Smalltalk › Pharo › Pharo Smalltalk Developers

Easier way to parse this?

_‹ Previous Topic Next Topic _›

Classic

List

Threaded

4 messages Options

Mariano Martinez Peck

Easier way to parse this?

Hi guys,

I wonder which is the easier way to do the following. I have a string which inside could have something like 'this is a string with <code>some funny lines</code> and here is another <code>haha</code>'. I need to parse that string, get all places where I have things surrounded with <code>SOMETHING</code>, get the "SOMETHING" (in previous example, that would be 'some funny lines'), execute that (this is something internal) , and from that I get the real string (imagine in this case the answer is 'SOME FUNNY LINES'). Finally, I need to replace the orignal string... So ... given the input:

'this is a string with <code>some funny lines</code> and here is another <code>haha</code>'

And given my specific domain logic transformation (in this example I assume a simple #asUppercase), I would like to get:

'this is a string with SOME FUNNY LINES and here is another HAHA'

I got it working with below lines. But it is a hack and terrible slow (I imagine).

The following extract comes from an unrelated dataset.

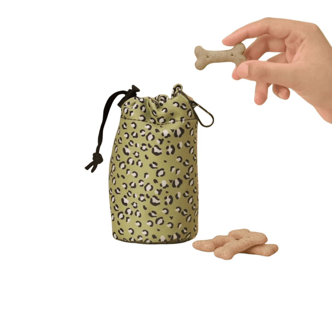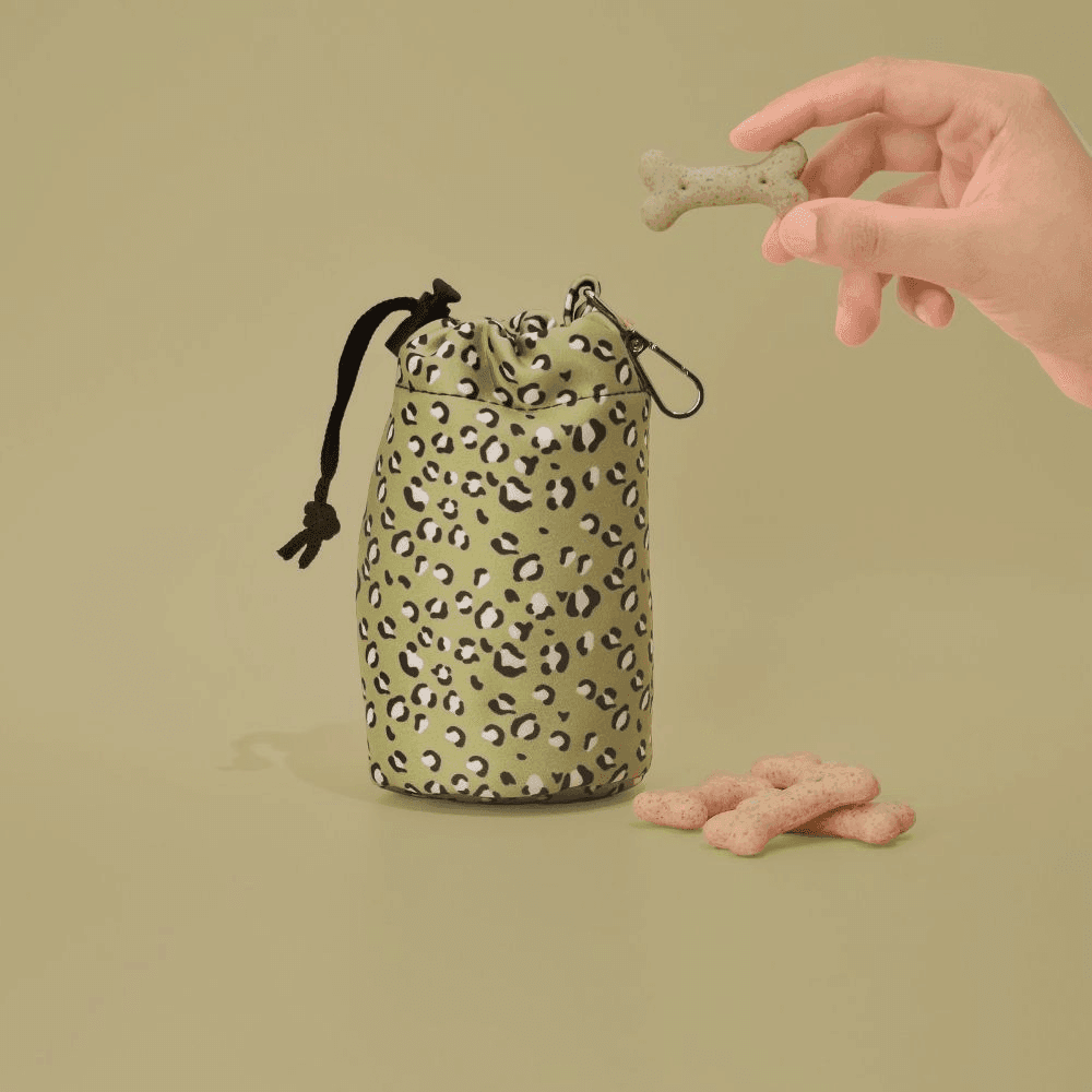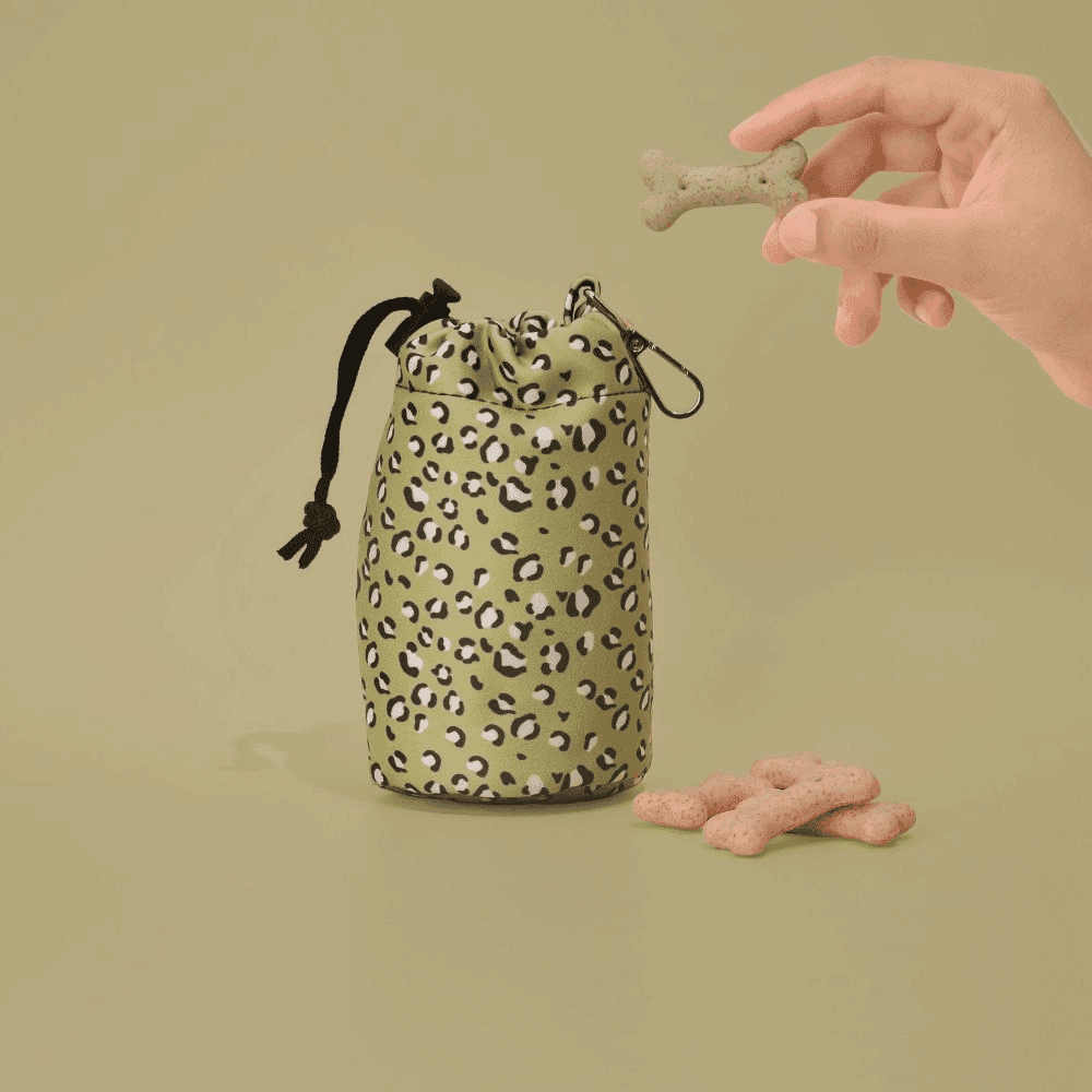 Cocopup London Drawstring Dog Treats Pouch Sage Leopard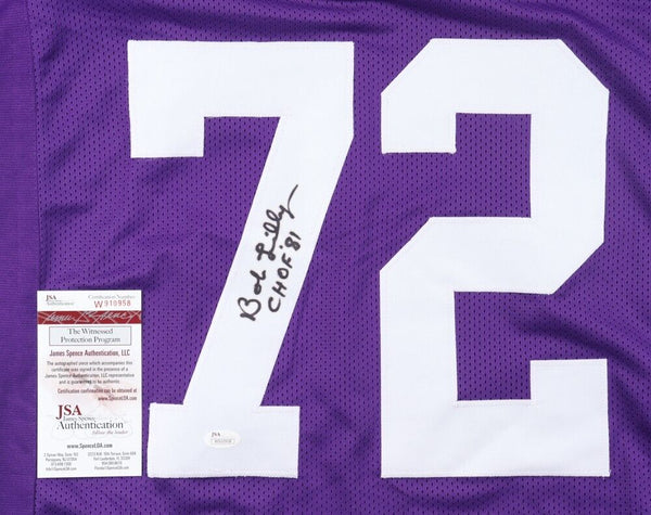 Custom on-field style jersey. Everything sewn on, size adult XL. Hand-signed and inscribed by Bob Lilly (Dallas Cowboys, HOF).The autograph(s) includes an official James Spence Authentication (JSA) hologram and matching COA for authenticity purposes. The signing of this item was witnessed by JSA.Authentication: JSA COA

So...anyone has an idea how can I do this simpler/faster? Maybe some RB re-write rule?

Thanks in advance

| dom string originalString stringToBeAbleToParse xmlDocument replacements finalString |

replacements := Dictionary new.

originalString := 'this is a string with <code>some funny lines</code> and here is another <code>haha</code>'.

stringToBeAbleToParse := '<hack>', originalString, '</hack>'.

dom := XMLDOMParser on: stringToBeAbleToParse.

dom configuration isValidating: false.

xmlDocument := dom parseDocument.

(xmlDocument allElementsNamed: 'code') do: [ :aXMLElement |

"Let's simulate my domain transformation logic as a simple #asUppercase"

replacements at: aXMLElement asString put: (([:code | code asUppercase ]) value: aXMLElement nodes first asString).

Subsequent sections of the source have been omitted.